247 - Nunca foi tão fácil enxergar o cinismo, a desfaçatez e a hipocrisia da imprensa brasileira. Bastou que um escândalo atingisse seus aliados políticos tradicionais, para que essa postura viesse à tona. Do escândalo Siemens, emerge uma mídia que opera com dois sistemas métricos distintos: um para os amigos, outro para os adversários.
De todas as peças produzidas até agora, a mais cara de pau é o editorial de Veja, assinado por Eurípedes Alcântara. "Há indícios, mas não provas", diz o diretor de Veja. No mundo da Editora Abril, os olhos estão fechados para os emails da Siemens e da Alstom que falam em licitações combinadas e até em propinas para grão-tucanos como Robson Marinho, ex-secretário da Casa Civil, e Andrea Matarazzo, figura próxima a Mario Covas, José Serra e Fernando Henrique Cardoso.
No mundo de Veja, não existem provas, apenas indícios, mas há três anos a imprensa noticiou o bloqueio de uma conta na Suíça atribuída a Robson Marinho, braço direito de Mario Covas, cujos recursos seriam provenientes da Alstom (leia aqui reportagem do Estado de S. Paulo). Documentos agora revelados – e ignorados por Veja – falam que a propina da Alstom cobriria RM (Robson Marinho), o partido (o PSDB) e a Secretaria de Energia (ocupada, à época, por Matarazzo).
Como Eurípedes sabe que empresta sua pena a um argumento indefensável, ele praticamente dá um piti, no seu editorial. "A esta altura, porém, não há como esquecer que o PR, o PTB, o PMDB e, claro, o PT acostumaram o Brasil a um padrão de escândalos tão abundantes em provas e com enredo tão ousado quanto primário que é impossível ser igualado.
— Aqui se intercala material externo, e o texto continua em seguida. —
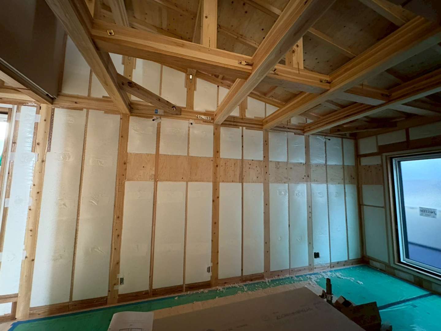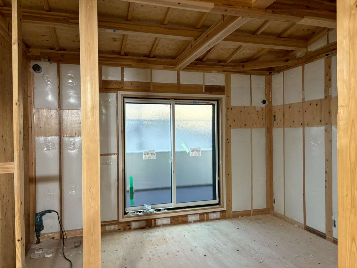 現在は、窓がつき断熱材の吹込みも半分ほど終わっています。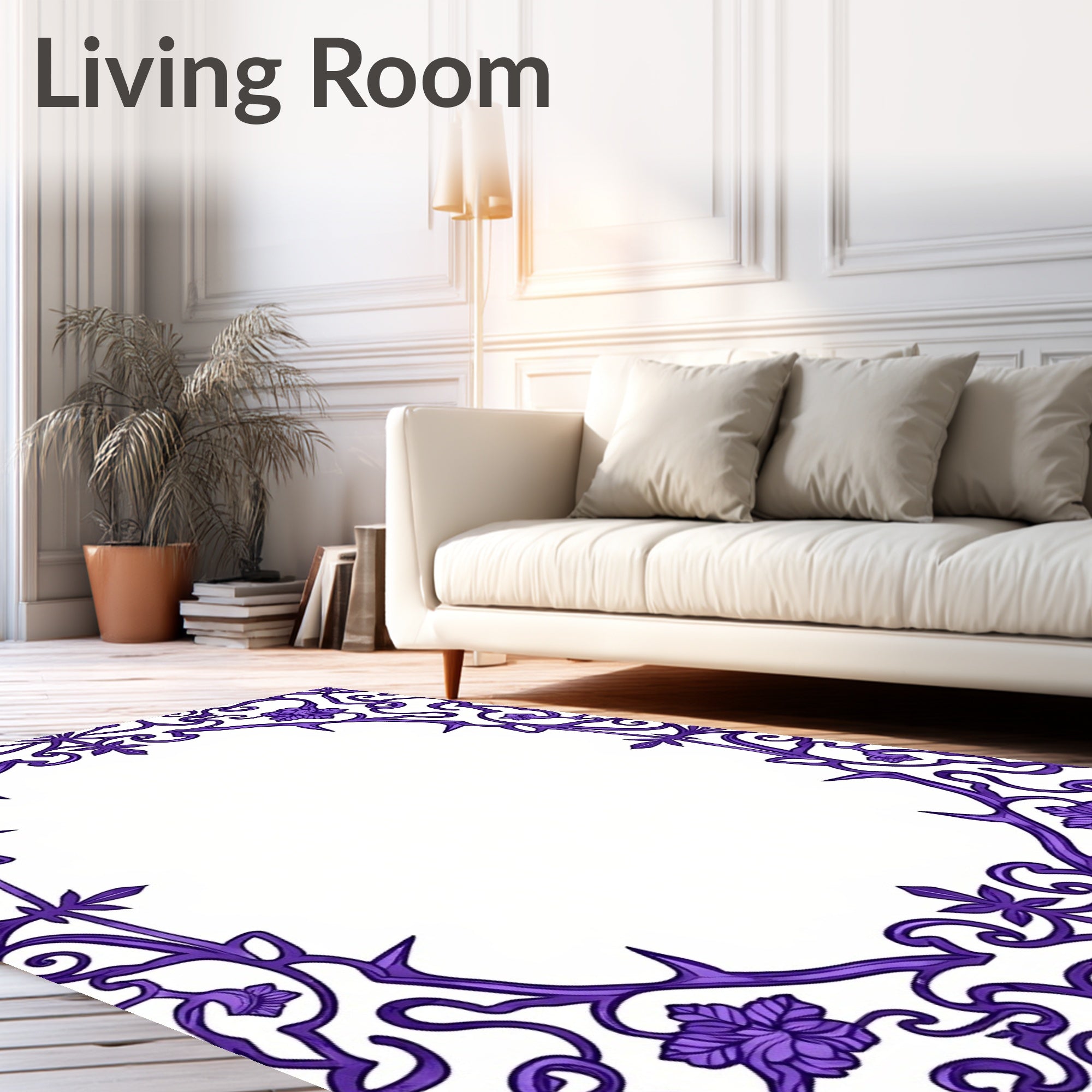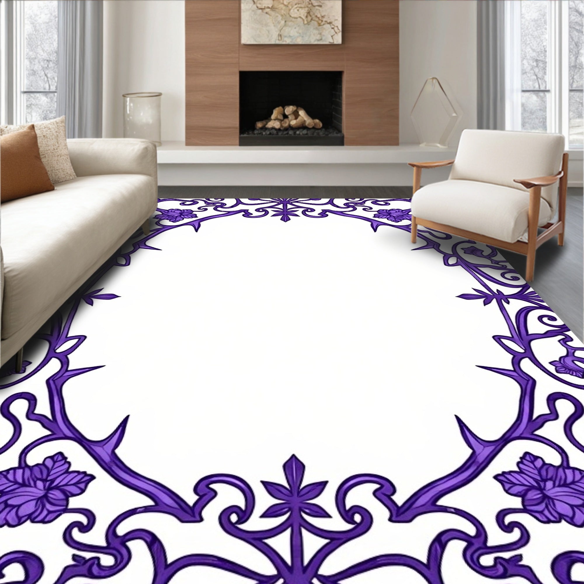 Flatwoven High Traffic Area Rug, Ornamental Scrollwork with Interlaced Floral and Vine, Non Slip, Stain Resistant, Washable Area Rugs for Living Room, Bedroom (Purple) Overview:

São dólares na cueca, mansão cheia de prostitutas em Brasília, Land Rover, jatinhos, governo paralelo montado em quartos de hotel, balcão de negócios dentro do Palácio do Planalto, filme de corrupto embolsando dinheiro, confissão, drama, condenação à prisão pelo STF – só não tem arrependimento".
O que ele não afirma é que o padrão do metrô supera toda a sua descrição. Mais sofisticados, os tucanos operaram com empresas internacionais, indicaram a elas que empresas deveriam ser subcontratadas e, em alguns casos, como parece ser o de Robson Marinho, apontaram as contas no exterior que deveriam receber os recursos.
Diante das evidências, cai por terra o argumento de que a imprensa brasileira representa "os olhos e ouvidos da ação". Veja, por exemplo, é claramente caolha. Só enxerga o lado que interessa. Mas não está só. Antes dela, o colunista Merval Pereira lamentou a corrupção tucana e se apressou em inocentar o ex-governador José Serra (leia aqui). Reinaldo Azevedo deu um chilique e afirmou que a teoria do domínio do fato, usada pela Polícia Federal para indiciar Andrea Matarazzo e pelo Supremo Tribunal Federal para condenar José Dirceu, não poderia ser aplicada ao político tucano (leia aqui).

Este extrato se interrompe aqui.